Вскоре на пороге показался Масленников. Он в старом черном демисезонном пальто, черной матерчатой шапке. На лице щетина. Глазки маленькие, колючие. Совершенно трезвый. Поздоровался. Он, по рассказам со стороны, бывший вертолетчик. Работал на Севере. Да не сложилась семейная жизнь. По пьяни убил жену. В заключении лет десять, а потом судьба забросила в Чернеево. Тут осел. Жил один. Потом приютился у одной вдовы. Выпивали. Та болела и умерла. Опять один. Стал похаживть к Чешковым. Тут, обычно и шли широкие застолья.

— Проходите, — говорю. — К чаю.

Мать тоже:

— Садись, чай вместе пить.

— Нет! Спасибо! Я поговорить…

Присел. Я отошёл в передний угол, чтобы не мешать разговору.

— А чего ты? Иди, ешь, — говорит мне мама.

— Да, думаю, у вас свой разговор. Секретный.

— Чего секретного? Шурка, вон послала… Предлагают кормов. Брать или нет…

Шурка работает дояркой на ферме. Выпить хочется, а нечего. Чуть не выпалил: «Бери, конечно», но сдержался. И так безразлично: «Сама решай».

У Масленникова оживленно блеснули глаза.

— Я все перевожу, — заявил он.

— Только не на себе, — сердоболится мать. — А то, тяжело ведь…
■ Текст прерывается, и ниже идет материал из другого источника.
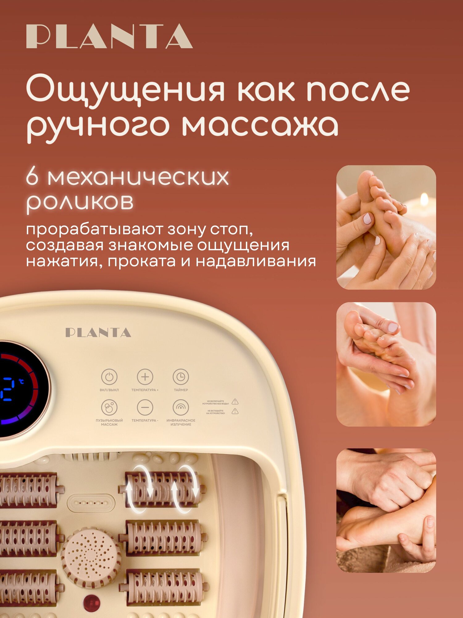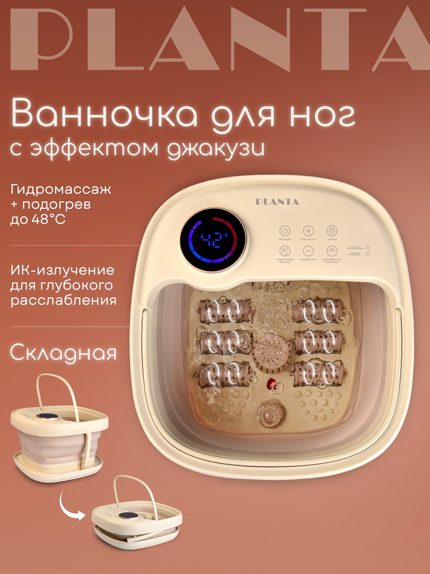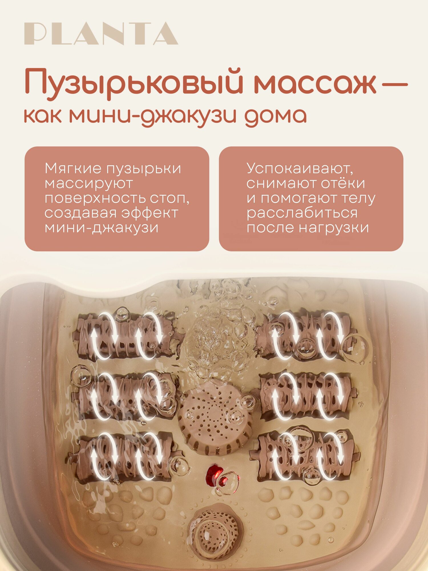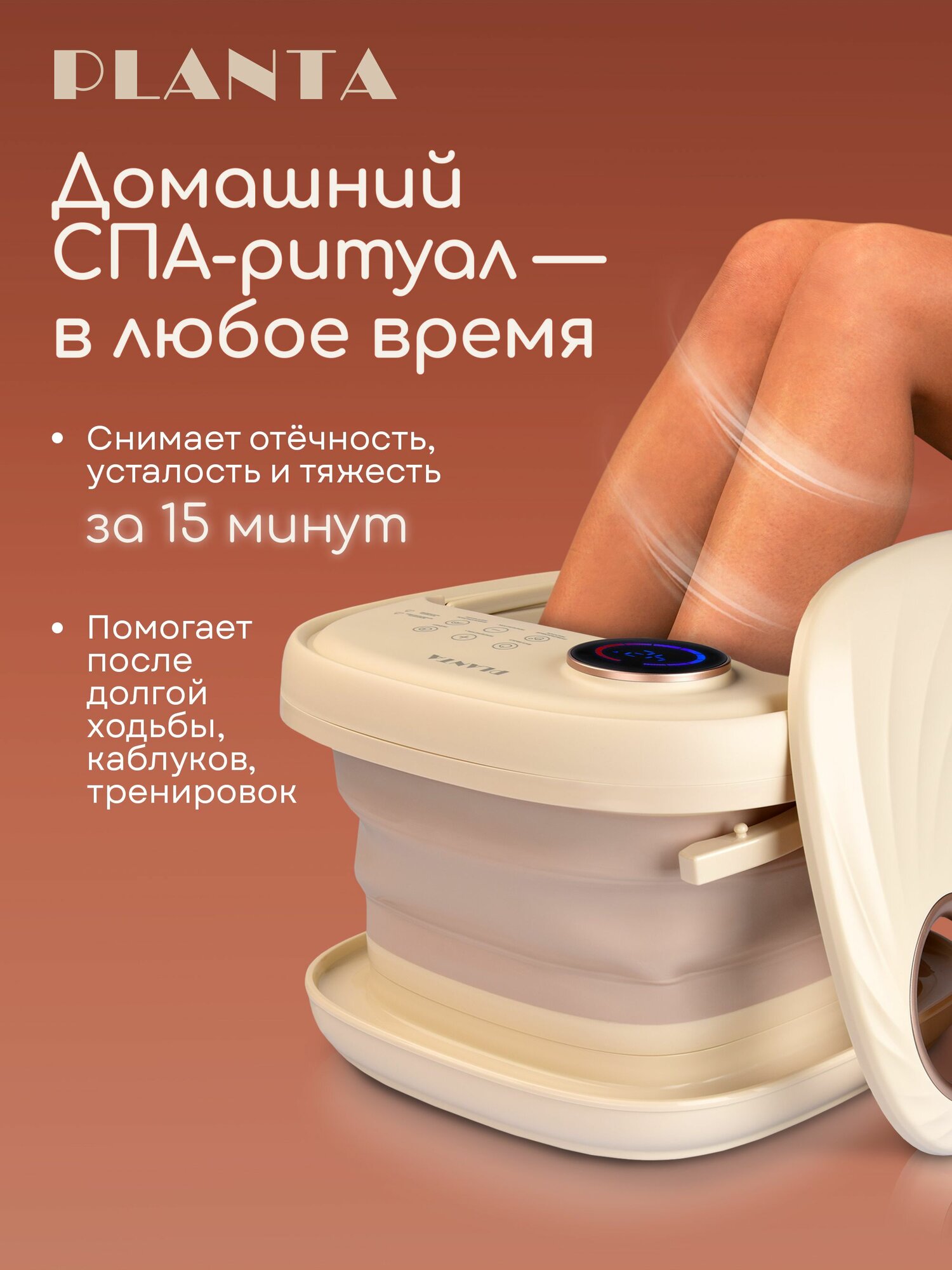 Гидромассажная складная ванночка для ног PLANTA MFS-500 - это универсальный массажер для ног, который обеспечит спа-процедуру по уходу за ногами в домашних условиях в любое удобное для вас время. Ванночка для ног складная MFS-500 имеет электронное управление и складную конструкцию. Компактная модель PLANTA MFS-500 имеет инфракрасный прогрев, пузырьковый массаж, 6 массажных роликов для воздействия на стопы, а также таймер с возможностью установки времени процедуры от 10 до 60 минут. Пузырьковый массаж имитирует джакузи, благоприятное воздействие которого на организм неоспоримо. А подогрев воды от 35 до 48 °C усиливает положительный эффект гидромассажа и делает процедуру ещё более приятной. Роликовый массажер для ног расслабляет и тонизирует уставшие ступни, уменьшает отёки, способствует выведению токсинов из организма.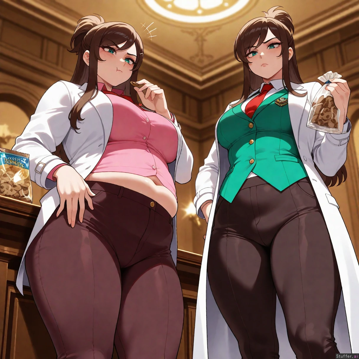 Masterpiece, best_quality, beautiful, vibrant colors, dim light, (1girl), alone, nyantcha(artist), Ema Skye, pink shirt, green vest with gold buttons, brown capri pants, red tie, white coat, teal eyes, low angle, pouting, annoyed, eating chocolate chip, holding chips bag, courtroom, midriff, pink panties, unbuttoned pants, (overweight:1.5)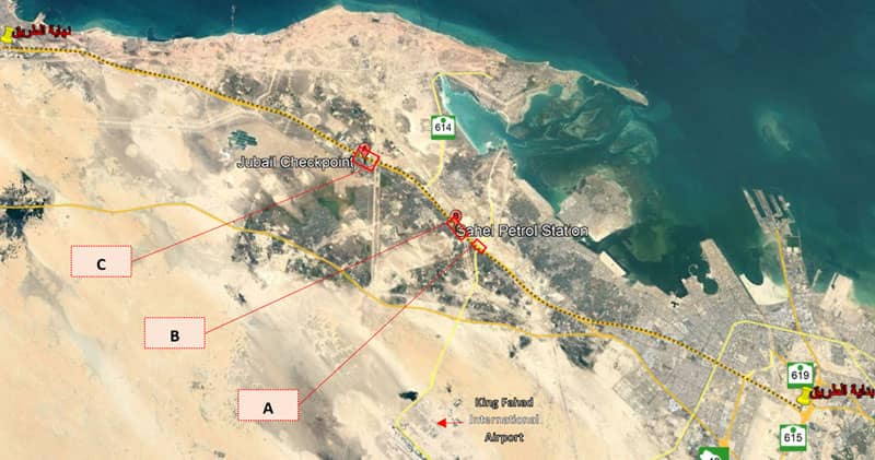 - غياب علامات التمهيد في مسارات الطريق قبل الاقتراب من نقطة التفتيش بأقل من 1000 متر (مسار الجبيل).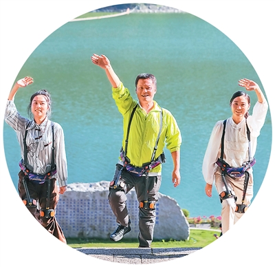 Photo shows tourists wearing exoskeleton robots at the Shizhu Mountain scenic area in Fuzhou, southeast China's Fujian Province. (Photo/Xie Guiming)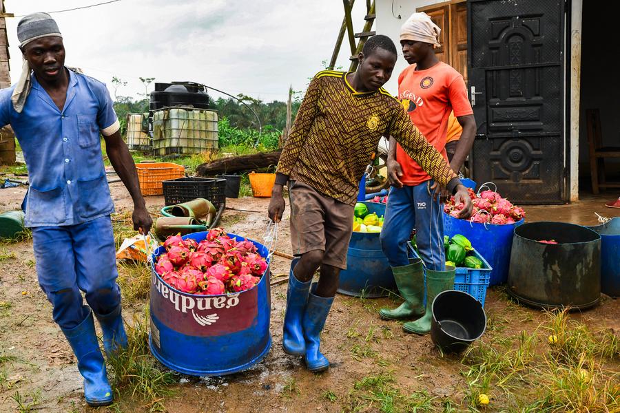 YAOUNDE, Aug. 28 (Xinhua) -- On a 10-hectare fruit farm in the Souza locality of Cameroon's Littoral Region, a gentle rain softens the earth and coats trees in shimmering droplets.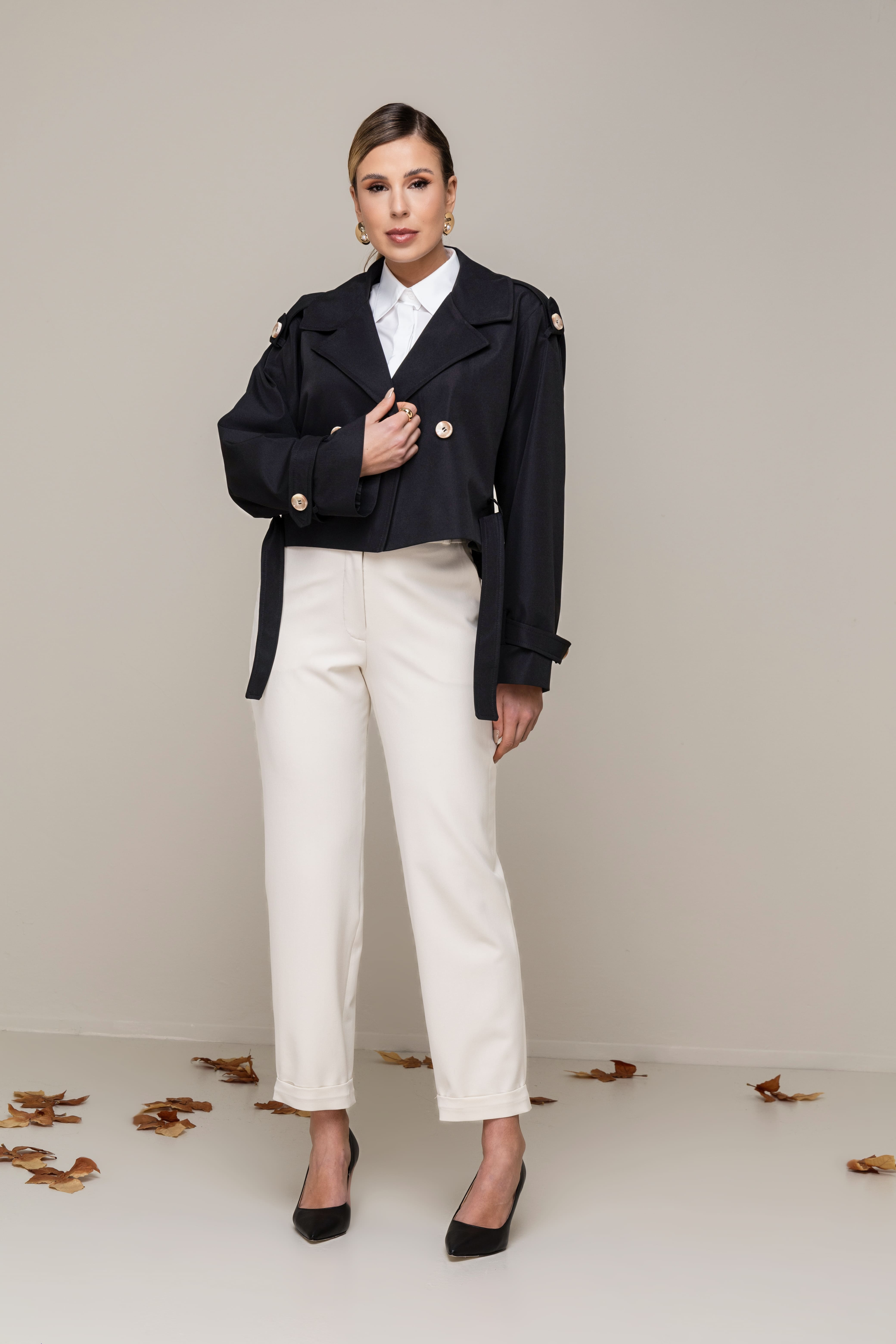 Trench coat cropped em alfaiataria Turim, com fechamento transpassado, cava deslocada e detalhes de ajuste nos punhos e ombros. A silhueta encurtada traz leveza e modernidade à alfaiataria clássica. Fechamento frontal por botões.

— Нет! Мне Сережка довезет…

— Надо бутылку! — посмотрела на меня мать. — Подать?

— Сама, сама…

Снова блеснули радостью глаза пришельца. Но мама не спешит. Спрашивает:

— Колька-то выписан из больницы?

Колька — муж Шурки — маме племянник, а мне — двоюродный брат.

— Вчера пришел. Худой очень…

— А что?

— Сердце у него… Пилепсию признали…

— Эпилепсию, — поправляю.

— Да, да! Там в больнице два раза падал…

— Вроде у него раньше-то такого не бывало, — говорю.

— Нет, было! — поправляет мама. — . Тамара Милавина тогда ещё уколы делала.

Мама подала Масленникову бутылку. Тот стал поспешно запихивать ее в карман.

— Все, договорились. — Я перевезу корма…

И уже на пороге:

— Матери Колькиной только не говорите, а то…

И он вышел. А мама безпристрастно:

— А чего не говорить? Она и так постоянно твердит: «Колька у нас не жилец…»

— Как бы он не пил…

— Полно. Шурка-то, его жена, не может жить без вина и он тоже… Масленников — то. Хитрый. Никогда до пьяна не напьется. А она — до повалихи… Да что им эта бутылка? Знают, что я на второй талон выкупила, вот Шурка и послала. Хорошо еще, что совхоз-то ноне богат. Работают-то через пень-колоду, а все равно им еще и кормов дали. Три, говорит центнера…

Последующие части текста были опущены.